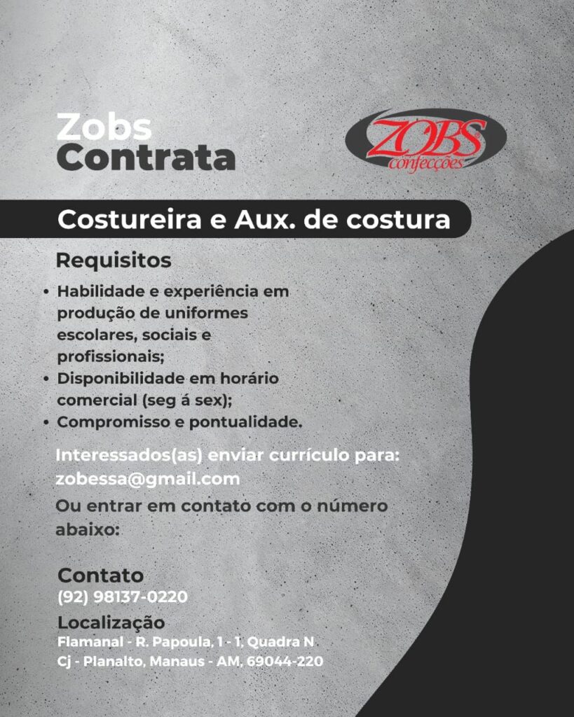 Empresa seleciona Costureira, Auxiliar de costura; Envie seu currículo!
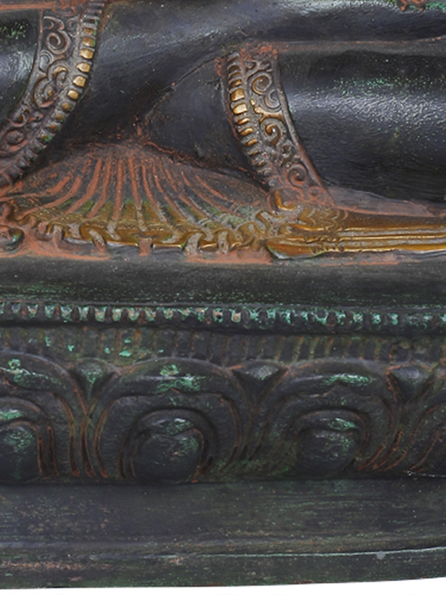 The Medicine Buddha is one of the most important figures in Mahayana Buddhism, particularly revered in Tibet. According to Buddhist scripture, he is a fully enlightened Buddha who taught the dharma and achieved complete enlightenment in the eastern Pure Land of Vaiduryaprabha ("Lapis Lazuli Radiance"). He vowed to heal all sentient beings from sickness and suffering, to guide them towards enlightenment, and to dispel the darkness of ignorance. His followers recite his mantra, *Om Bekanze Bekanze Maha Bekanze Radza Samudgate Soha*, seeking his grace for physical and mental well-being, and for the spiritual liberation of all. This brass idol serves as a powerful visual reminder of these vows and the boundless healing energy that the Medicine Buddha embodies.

------------

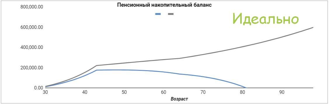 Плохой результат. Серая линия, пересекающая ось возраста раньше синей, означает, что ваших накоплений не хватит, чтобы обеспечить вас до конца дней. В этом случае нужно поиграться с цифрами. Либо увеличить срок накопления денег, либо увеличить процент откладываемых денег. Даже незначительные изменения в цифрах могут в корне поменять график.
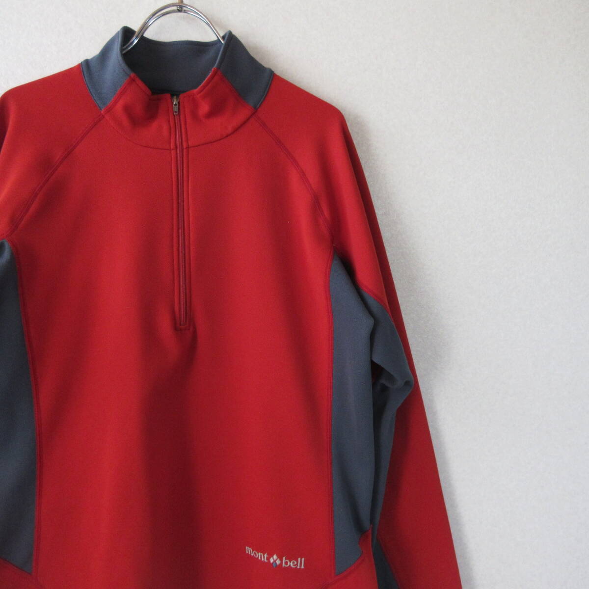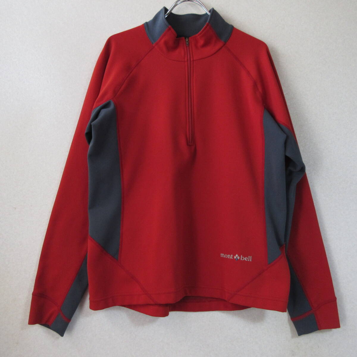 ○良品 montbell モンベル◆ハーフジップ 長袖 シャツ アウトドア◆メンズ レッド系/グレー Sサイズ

------------

# Task directions
Your task is to copy only the lines above starting at the one containing "Плохой результат. Серая" and ending at the one containing "アウトドア◆メンズ レッド系/グレー Sサイズ". Copy them exactly, both ends included, and omit the pictures.

# Solution to the problem
 Плохой результат. Серая линия, пересекающая ось возраста раньше синей, означает, что ваших накоплений не хватит, чтобы обеспечить вас до конца дней. В этом случае нужно поиграться с цифрами. Либо увеличить срок накопления денег, либо увеличить процент откладываемых денег. Даже незначительные изменения в цифрах могут в корне поменять график.
 ○良品 montbell モンベル◆ハーフジップ 長袖 シャツ アウトドア◆メンズ レッド系/グレー Sサイズ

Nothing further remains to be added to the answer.